With increasing rates of anxiety and mood disorders across the world, there is an unprecedented need for preclinical animal models to generate translational results for humans experiencing disruptive emotional symptoms. Considering that life events resulting in a perception of loss are correlated with depressive symptoms, the enrichment-loss rodent model offers promise as a translational model for stress-initiated psychiatric disorders. Additionally, predisposed temperament characteristics such as coping styles have been found to influence an individual's stress response. Accordingly, male rats were profiled as either consistent or flexible copers and assigned to one of three environments: standard laboratory housing, enriched environment, or enriched environment exposure followed by downsizing to standard laboratory cages (i.e., enrichment-loss group). Throughout the study, several behaviors were assessed to determine stress, social, and reward-processing responses. To assess recovery of the stress response, fecal samples were collected following the swim stress in 3-h increments to determine the recovery trajectory of corticosterone (CORT) and dehydroepiandrosterone (DHEA) metabolite levels. Upon death, neural markers of neuroplasticity including doublecortin, glial fibrillary acidic factor, and brain-derived neurotrophic factor were assessed via immunohistochemistry.
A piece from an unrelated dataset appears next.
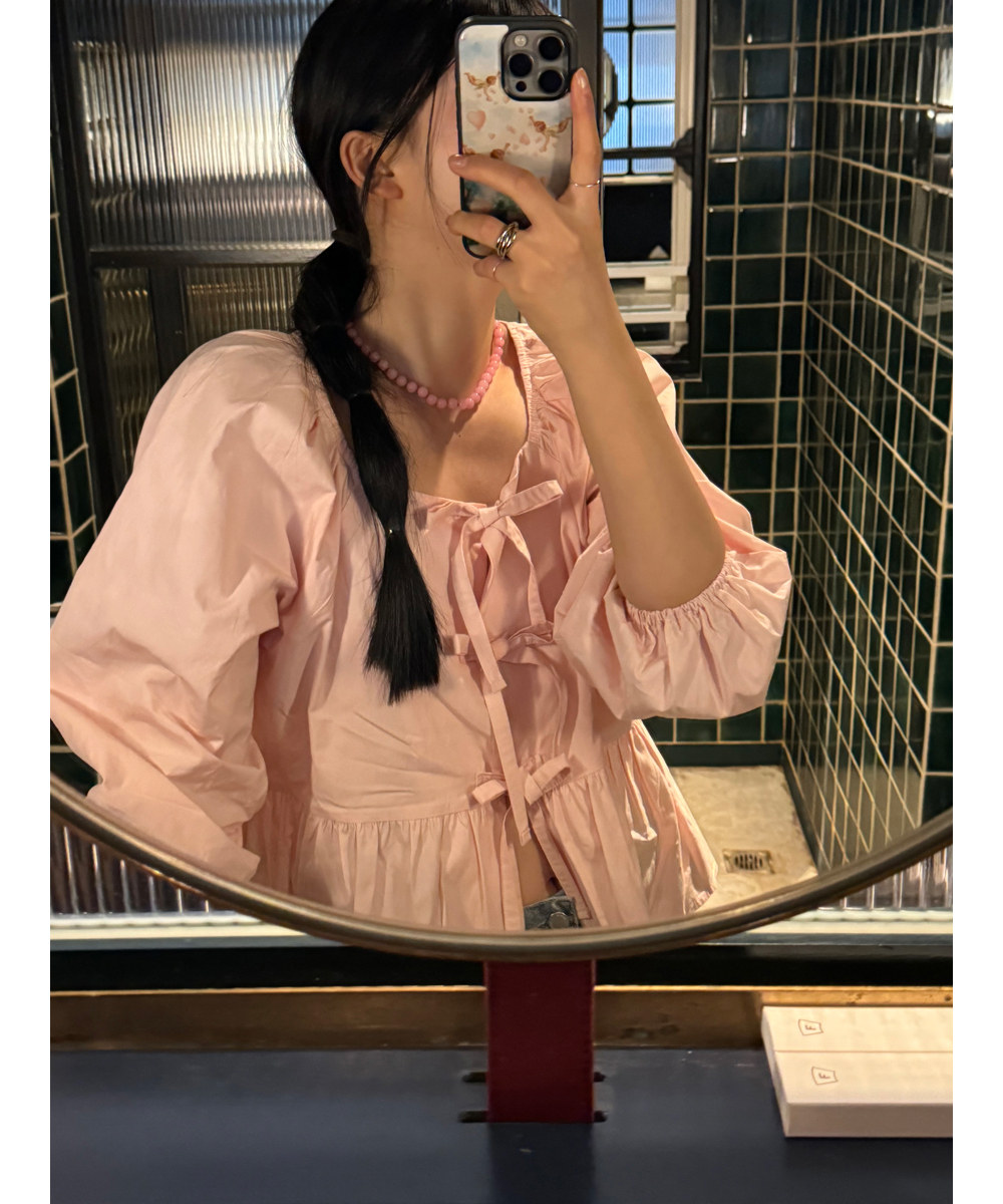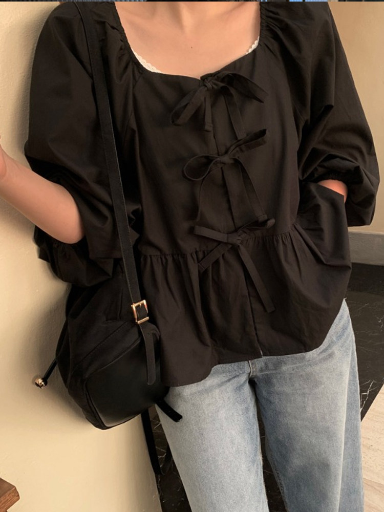 Весенняя короткая дизайнерская рубашка с бантиком, тренд сезона

Results indicated the flexible coping animals in the continuous enriched group had higher DHEA/CORT ratios (consistent with adaptive responses in past research); furthermore, the enrichment-loss animals exhibited a blunted CORT response throughout the assessments and enriched flexible copers had faster CORT recovery rates than consistent copers. Standard housed animals exhibited less exploratory behavior in the open field task and continuous enriched, flexible rats consumed more food rewards than the other groups. No differences in neuroplasticity neural markers were observed. In sum, the results of the present study support past research indicating the disruptive consequences of enrichment-loss, providing evidence that the model represents a valuable approach for the investigation of neurobiological mechanisms contributing to interindividual variability in responses to changing experiential landscapes.